Records from a data source:
##########
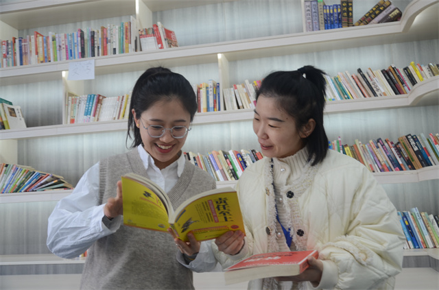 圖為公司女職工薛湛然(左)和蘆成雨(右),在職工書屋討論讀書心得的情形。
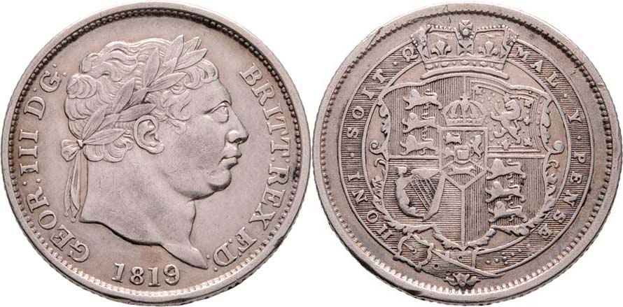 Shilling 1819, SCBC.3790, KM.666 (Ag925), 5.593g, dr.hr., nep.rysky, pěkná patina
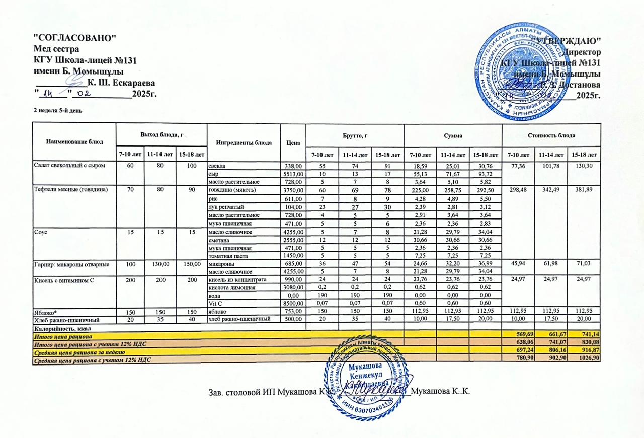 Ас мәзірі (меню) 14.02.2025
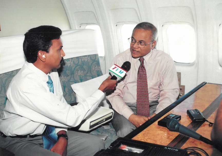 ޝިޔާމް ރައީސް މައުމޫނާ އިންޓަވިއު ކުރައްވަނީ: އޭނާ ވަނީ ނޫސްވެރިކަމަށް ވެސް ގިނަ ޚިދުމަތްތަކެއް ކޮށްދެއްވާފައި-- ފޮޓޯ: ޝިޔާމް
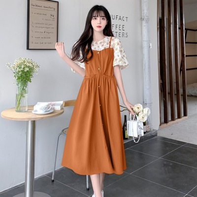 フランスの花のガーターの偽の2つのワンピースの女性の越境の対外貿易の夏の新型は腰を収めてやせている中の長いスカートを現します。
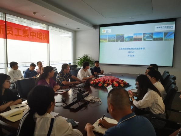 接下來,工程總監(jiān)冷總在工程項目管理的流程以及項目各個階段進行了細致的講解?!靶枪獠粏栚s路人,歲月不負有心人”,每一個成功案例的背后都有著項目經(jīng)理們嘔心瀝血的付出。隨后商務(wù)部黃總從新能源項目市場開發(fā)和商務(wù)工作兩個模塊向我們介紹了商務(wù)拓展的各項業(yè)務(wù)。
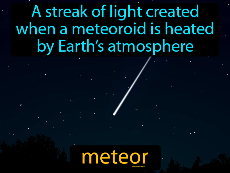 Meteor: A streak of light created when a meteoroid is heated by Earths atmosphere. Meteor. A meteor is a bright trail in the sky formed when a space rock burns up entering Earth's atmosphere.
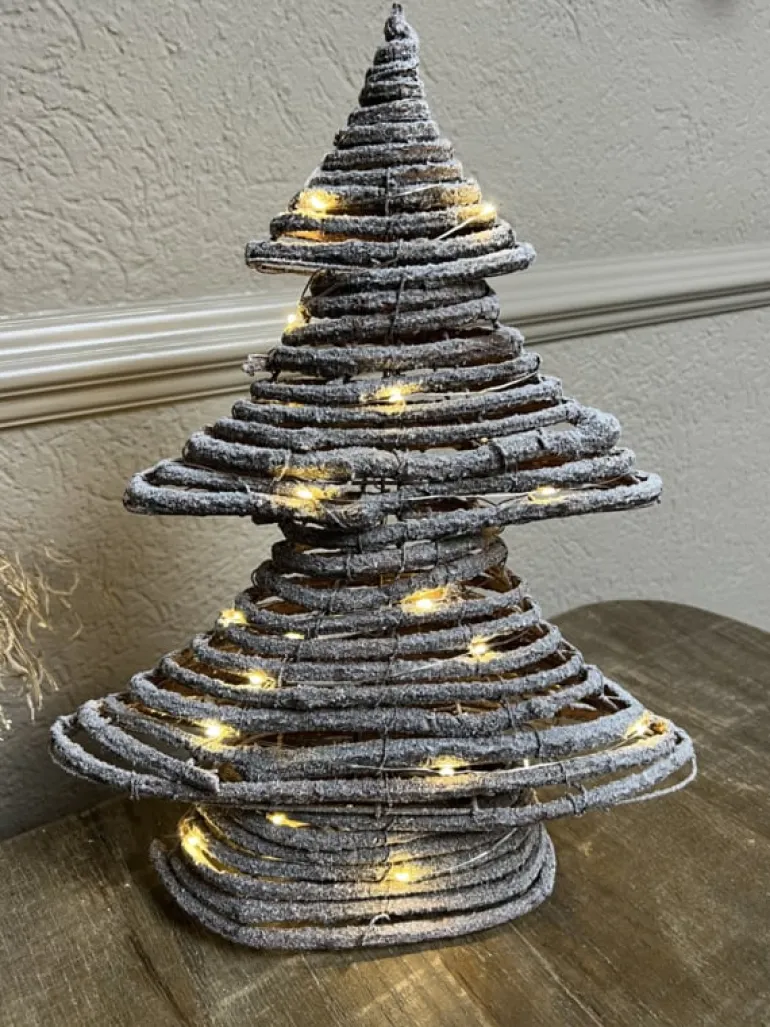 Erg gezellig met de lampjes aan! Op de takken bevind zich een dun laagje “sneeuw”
##########
Exactly as written, restate the lines above from the opening line through the one holding "フランスの花のガーターの偽の", omitting the pictures.

● **Your solution**:
 圖為公司女職工薛湛然(左)和蘆成雨(右),在職工書屋討論讀書心得的情形。
 Shilling 1819, SCBC.3790, KM.666 (Ag925), 5.593g, dr.hr., nep.rysky, pěkná patina
 Ас мәзірі (меню) 14.02.2025
 ޝިޔާމް ރައީސް މައުމޫނާ އިންޓަވިއު ކުރައްވަނީ: އޭނާ ވަނީ ނޫސްވެރިކަމަށް ވެސް ގިނަ ޚިދުމަތްތަކެއް ކޮށްދެއްވާފައި-- ފޮޓޯ: ޝިޔާމް
 フランスの花のガーターの偽の2つのワンピースの女性の越境の対外貿易の夏の新型は腰を収めてやせている中の長いスカートを現します。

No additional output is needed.